If we are talking about DC circuits, then the capacitor is almost always for filtering and voltage stability. Think of all of the little wires and connections as resistors. If a component draws an excessive amount of current suddenly, the voltage at that component will drop, possibly enough to cause a malfunction. Or, worse, the voltage change will cause an oscillation inside the part that feeds back into the current draw making the oscillation worse and suddenly your circuit is howling like a banshee.
Capacitors are small energy storage devices that will help to smooth out those fluctuations.
There are two basic types of capacitors. You have large electrolytic capacitors, which are used for heavy duty bulk filtering. These have large capacitance values, and they look like little tin cans, because you can basically think of them as kind of an electrical fruit roll-up. They have two metal foil sheets with a bunch of goo (the electrolyte) between them, and the whole thing is rolled up and shoved into a metal case. Electrolytic capacitors are great for high capacitance value, but at high frequencies they suck. So for higher frequencies, we use chip capacitors or small ceramic capacitors (mostly chip capacitors these days). Often in power supplies you will have big electrolytic capacitors paralleled with small chip or ceramic capacitors. The electrolytics do the bulk filtering, and the smaller capacitors do the high frequency stability.
In order to keep the power supply stable at each integrated circuit, I personally (as well as many other electronics designers) will just out of habit put a small capacitor between the positive and negative voltages right at the chip, keeping the circuit traces very short.
Sometimes you’ll put a resistor across the power supply to give capacitors (and maybe inductors or relays if you have any) a place to dump their stored energy once the power is shut off. Otherwise that stored energy can go elsewhere in the circuit, possibly somewhere bad. Often instead of just a simple resistor you’ll have a reverse biased diode in series with a resistor. The advantage of this is that no current is being wasted heating up the resistor while the power is on.
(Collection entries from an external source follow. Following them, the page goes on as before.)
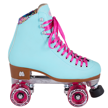 The Moxi Beach Bunny features a traditional high top boot with thoughtful touches including drum-dyed vinyl uppers for more authentic color saturation and additional ankle padding that provides comfort and security whether you’re cruising down the boulevard or ripping up your favorite skate park. Bright laces that shine in the sun add to the fashion-forward design of the Beach Bunny, and the moisture-wicking Dri-Lex™ liner is printed with a custom pattern. Complete with glittery high rebound urethane outdoor wheels and a pair of matching toe caps, the Beach Bunny is ready to accompany you on your next adventure!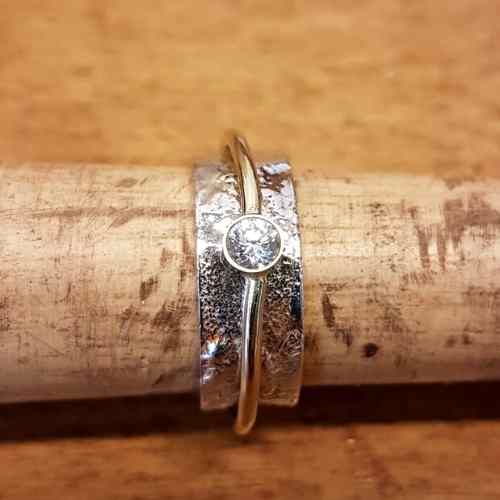 Handgemaakte sieraden uit het atelier van Valentine Juwelier. Deze damesring met zirkonia heeft een brede band van zilver met een smallere band van goud met daarop een zirkonia van 4mm. Een prachtige, handgemaakte ring met een ruw oppervlakte en verfijnde details.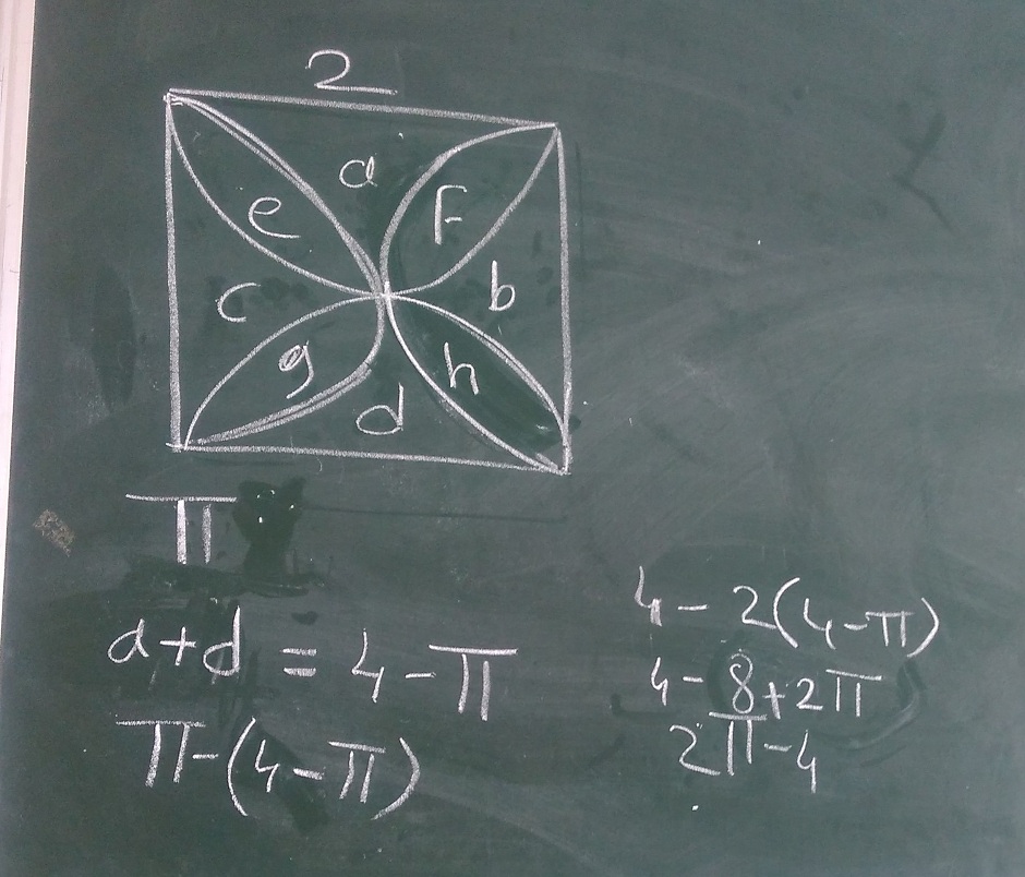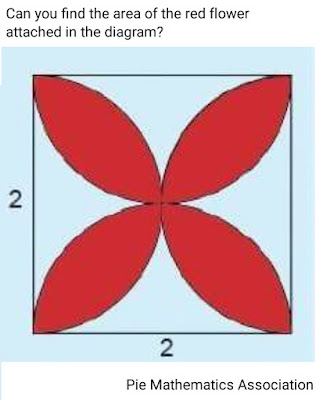 So the above problem I saw on facebook and I was quite sure, they would like it - Area of Flower :) The bounding shape is Square of side 2 units and the petals are formed using semi-circles. I had given this problem to them as home-work...

Similarly, high voltage circuits will often have bleeder resistors across energy storage devices, for similar reasons. Old cathode ray type televisions usually had bleeder resistors on the tube, and microwave ovens usually have a bleeder resistor across the big capacitors. Once the power is shut off, the energy in the capacitors gets turned into heat in the resistors. Without the resistors, those capacitors can store energy for quite some time, and could give you a nasty shock if you were to open up the microwave oven and touch them.
For AC circuits, you also have what is called a Metal Oxide Varistor, or MOV. Sometimes you’ll have these in DC circuits for similar reasons. An MOV has a fairly high resistance until you exceed its turn-on voltage, at which point its resistance drops significantly. The point of using these on power supplies is to clamp down on any over-voltages, thus suppressing electrical spikes by shorting them out quickly. The MOV is often destroyed when this happens, but the idea is you kill the MOV so that the circuit it is protecting survives.